Recently when we migrated the CI/CD pipeline for a client’s application to Azure DevOps pipeline we were pleasantly surprised.
But before we get into how we re-engineered the pipeline, let me take you through the original setup with CircleCI .
Each project repository has its own build pipeline and generates a Docker image which is pushed to a Docker registry. Finally, it does a commit to the Helm Chart repo in the initial, Staging branch. Separating the Deployment pipeline from the individual projects is a foundational element of larger scale microservice architectures. It provides a clear view and history of a logical part of the application stack, archived in version control.
The Helm Chart repo has a branch for each target environment; Staging, QA and Production. QA and Production also have a queue branch in front of the deployment branch. For example, the queue branch “uat-queue-1234” is merged to the deployment branch “uat” through a Pull Request, which is approved by the appropriate stakeholders. On each CircleCI run for the Helm Chart repo it would look in a configuration file what the “next” environment was and if it used a queue branch for propagation. Based on that information it would either do a commit to the deployment branch for the next target environment or the queue branch.
This setup worked quite well but took quite some time to create. Also, it required the actors for the manual propagation to have knowledge of PRs and how they work. Since nothing prevented anybody from committing to any deployment- or queue branch, merge conflicts sometimes had to be solved.
All this logic was contained in a bash script in the CircleCI configuration. This grew to unmanageable proportions because it had to take care of:
When it was decided the application was going to run in production on Azure, we also took the opportunity to migrate the pipeline into Azure DevOps.
The docker build pipeline was basically transferred to the Azure DevOps build pipeline and contains the exact same steps. In the visual designer of Azure DevOps you can add tasks to a step and select plugins for “npm” or “Docker” from the marketplace.
To start containers for Redis and Postgres we used the Docker plugin and select the “run” command. This opens up a form where you can add all the necessary parameters like “ports”, “Environment Variables” and “Image Name”. Basically the same things you could specify on the Docker command line interface. With these containers running the tests which relied on Datastores were able to run properly.
After a successful test run an image is built and pushed to the Docker registry running in the Azure cloud. After the image push, we run a one-line bash script that updates the image tag in the Helm values.yml which is subsequently published as the artefact of this build. The build number generated by pipeline instance is used to tag the image and make it easy to relate back a specific commit.
The frontend build pipeline is much simpler as it just runs the “npm run build” command to build static files for the client side react application running in the browser. These static files are then copied into an Nginx image when the docker image is built using the dockerfile on the right.
This image is also pushed to the registry for consumption by the Kubernetes cluster. Like for the backend, this also produces an artefact for the release pipeline to pick up
I’ve described how you set all these things up through the web interface of Azure DevOps, which isn’t really practising proper Infrastructure as Code. In the main Build Pipeline configuration screen, there is a convenient option to export the entire build pipeline to Yaml which can be added to your code repository in the root as azure-pipelines.yml to capture the pipeline in Version Control. When this file is discovered in your repository it replaces any visually configured pipeline. Using the web interface for an initial configuration gives you an easier time learning the Azure DevOps yaml syntax and makes it easy to become aware of pipeline plugins that help ease some of the steps.

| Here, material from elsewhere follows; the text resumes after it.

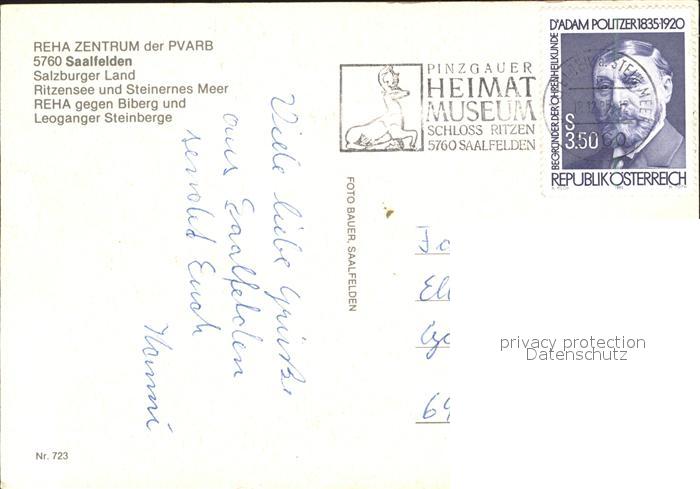 72179966 alte Postkarte Saalfelden Steinerne Meer Reha Zentrum PVARB Ritzensee Biberg Leoganger Steinberge postalisch gelaufen Erhaltung siehe scans KatCode: 11390322050619

The release flow is triggered whenever there is an artefact published from either the front or backend builds.
As before, the deployment of the application is done with Helm, the Helm chart setup we defined uses a generic value .yaml which applies to all environments and specific values files for each targeted cluster. For instance, the URL that is defined for the Ingress Resource in each is different. This is part of the values..yaml file. In the projects for frontend and backend, we also prepared generic Helm values.yaml file. The actual deployment runs “helm upgrade” using the “helm” directory containing the default values.yaml and we specify the “-f” option to use the environment specific values.
The image above shows a successful deploy triggered by an artefact produced from the backend build pipeline.
The deployment to UAT and Production requires a manual step. Propagating changes from Staging to UAT is done by the Development team leader. The main reason for the manual gate is to create a stable UAT environment where subject matter experts can test and align the content they have created in a third party system.
In the screenshot of the entire pipeline, the red arrows indicate where manual gates are implemented. The responsible person at the client will propagate changes from UAT to Production when they are satisfied with the state of the UAT environment.